Blerta Smaili

Personal information
- Date of birth: 8 May 2002 (age 24)
- Place of birth: Reutlingen, Germany
- Height: 1.70 m (5 ft 7 in)
- Position: Midfielder

Team information
- Current team: ABB Fomget
- Number: 5

Youth career
- 0000–2018: VfL Sindelfingen

Senior career*
- Years: Team / Apps / (Gls)
- 2018–2021: VfL Sindelfingen / 21 / (4)
- 2021–2022: VfB Obertürkheim / 16 / (1)
- 2023–2024: Sundsvalls / 26 / (1)
- 2024: Basel / 0 / (0)
- 2024-2025: Clube de Albergaria
- 2025-: ABB Fomget / 2 / (0)

International career^{‡}
- 2018: Germany U17 / 1 / (0)
- 2020–: Kosovo / 17 / (0)

= Blerta Smaili =

Kosovan footballer

Blerta Smaili (born 8 May 2002) is a women's association football midfielder who plays in the Turkish Super League for ABB Fomget.Born in Germany, she plays for the Kosovo national team. She has previously also represented Germany at under-17 international level.

== Club career ==
Smaili started her football career at Sindelfingen in Germany, where she has also the German citizenship. She then transferred to another German club Obertürkheim in Stuttgart. In 2023, she went to Sweden, and joined Sundsvalls. After one season, she transferred to the Swiss club Basel in January 2024 to play until the end of the season.

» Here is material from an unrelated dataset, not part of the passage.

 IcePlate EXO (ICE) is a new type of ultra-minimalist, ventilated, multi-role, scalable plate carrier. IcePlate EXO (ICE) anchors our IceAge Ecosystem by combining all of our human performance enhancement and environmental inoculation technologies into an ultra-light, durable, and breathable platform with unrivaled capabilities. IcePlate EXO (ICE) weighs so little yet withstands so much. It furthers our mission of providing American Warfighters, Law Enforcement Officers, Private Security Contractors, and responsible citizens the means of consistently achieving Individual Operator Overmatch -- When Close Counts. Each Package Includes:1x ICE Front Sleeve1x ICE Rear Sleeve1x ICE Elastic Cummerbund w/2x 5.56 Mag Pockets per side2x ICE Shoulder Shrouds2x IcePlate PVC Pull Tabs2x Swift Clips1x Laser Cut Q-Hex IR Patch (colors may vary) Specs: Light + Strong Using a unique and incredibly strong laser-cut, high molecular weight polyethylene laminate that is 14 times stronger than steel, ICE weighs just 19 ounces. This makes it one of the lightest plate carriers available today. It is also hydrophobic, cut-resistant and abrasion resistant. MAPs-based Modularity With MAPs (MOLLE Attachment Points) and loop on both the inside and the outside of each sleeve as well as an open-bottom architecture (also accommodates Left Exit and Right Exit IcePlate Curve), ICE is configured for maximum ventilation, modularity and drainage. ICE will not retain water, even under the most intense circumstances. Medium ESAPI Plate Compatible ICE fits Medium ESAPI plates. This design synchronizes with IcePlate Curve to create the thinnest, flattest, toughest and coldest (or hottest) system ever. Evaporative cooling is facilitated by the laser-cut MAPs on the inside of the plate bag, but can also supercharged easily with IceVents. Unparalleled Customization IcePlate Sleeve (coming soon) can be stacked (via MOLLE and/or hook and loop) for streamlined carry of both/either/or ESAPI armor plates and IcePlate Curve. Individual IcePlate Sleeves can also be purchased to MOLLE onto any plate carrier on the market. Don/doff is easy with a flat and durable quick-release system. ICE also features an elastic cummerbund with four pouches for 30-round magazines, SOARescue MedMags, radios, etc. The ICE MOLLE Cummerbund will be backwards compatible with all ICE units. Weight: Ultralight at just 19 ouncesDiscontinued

The next season, she played in Portugal for Albergari.

Mid July 2025, she noved to Turkey, and signed with the Super League club ABB Fomget.

== International career ==
Smaili is a member of Kosovo national team. She took part at the 2025 UEFA Women's Nations League promotion/relegation matches in October 2025.